- **Required work**
Print, exactly as they stand, the lines below from the one that has "Las correas que" to the one that has "Блокнот А7, 32", inclusive, leaving out the pictures.

- **Supplied data**
++++

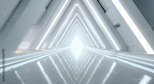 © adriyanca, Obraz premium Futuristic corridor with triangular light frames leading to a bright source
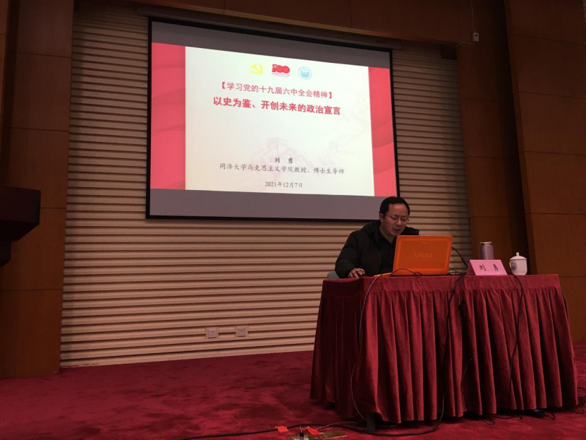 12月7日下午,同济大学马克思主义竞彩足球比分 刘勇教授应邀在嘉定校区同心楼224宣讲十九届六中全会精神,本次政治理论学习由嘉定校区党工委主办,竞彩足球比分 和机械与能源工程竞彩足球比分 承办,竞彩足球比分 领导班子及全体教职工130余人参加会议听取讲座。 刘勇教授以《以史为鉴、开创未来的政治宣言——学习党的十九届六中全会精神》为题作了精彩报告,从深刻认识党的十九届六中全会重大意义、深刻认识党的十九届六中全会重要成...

++++

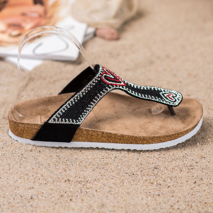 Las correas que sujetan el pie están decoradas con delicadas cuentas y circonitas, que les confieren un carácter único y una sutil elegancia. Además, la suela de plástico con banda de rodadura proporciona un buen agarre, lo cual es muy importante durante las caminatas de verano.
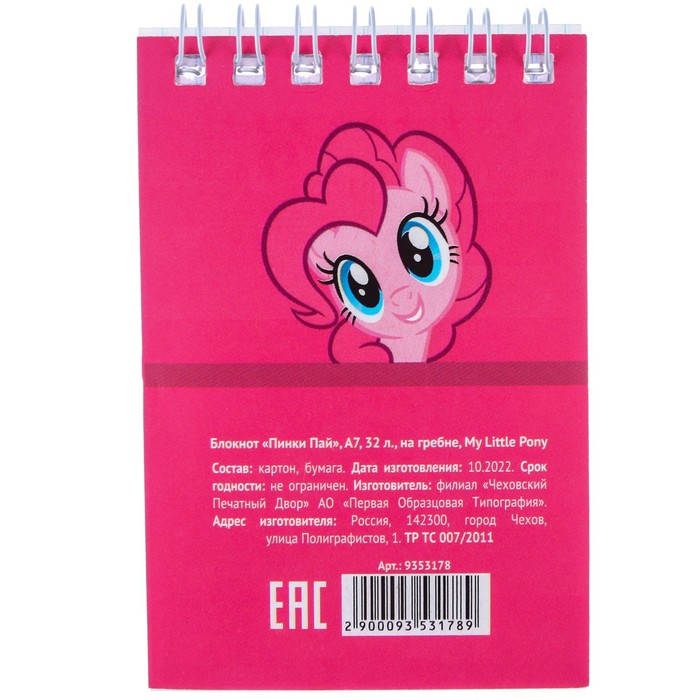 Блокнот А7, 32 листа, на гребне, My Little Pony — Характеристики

++++

- **Written answer**
 Las correas que sujetan el pie están decoradas con delicadas cuentas y circonitas, que les confieren un carácter único y una sutil elegancia. Además, la suela de plástico con banda de rodadura proporciona un buen agarre, lo cual es muy importante durante las caminatas de verano.
 Блокнот А7, 32 листа, на гребне, My Little Pony — Характеристики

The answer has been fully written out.